PROVIDED MATERIAL —

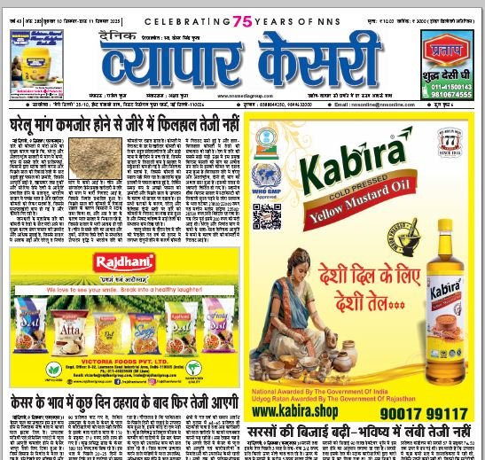 Vyapar Kesari is a dedicated hindi daily newspaper.It covers all agri-business news, provides accurate and regular commodity market updates, tips, market reports and commodity rates.
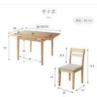 ・80cm、100cm、120cmと3段階で調整できる伸縮ダイニングテーブルのセットです。
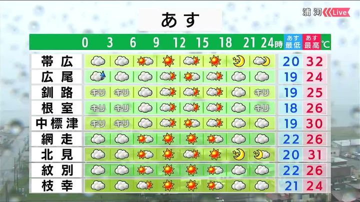 天気は回復し、広く晴れるでしょう。最低気温は20度前後で、今夜も寝苦しいでしょう。日中は内陸で真夏日となり、札幌、旭川、岩見沢、帯広は32度です。
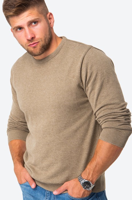 Коричневый джемпер для мужчин выполнена из вязаного трикотажа: в ней будет уютно и тепло в прохладную погоду. Хлопковый свитер из мягкой пряжи с акрилом не колется, он невероятно мягкий и приятный к телу.

PROBLEM STATEMENT —
Starting with the opening line of the listing, write out each line exactly until the line that contains "天気は回復し、広く晴れるでし" has been included; skip the pictures.

RESPONSE AREA —
 Vyapar Kesari is a dedicated hindi daily newspaper.It covers all agri-business news, provides accurate and regular commodity market updates, tips, market reports and commodity rates.
 ・80cm、100cm、120cmと3段階で調整できる伸縮ダイニングテーブルのセットです。
 天気は回復し、広く晴れるでしょう。最低気温は20度前後で、今夜も寝苦しいでしょう。日中は内陸で真夏日となり、札幌、旭川、岩見沢、帯広は32度です。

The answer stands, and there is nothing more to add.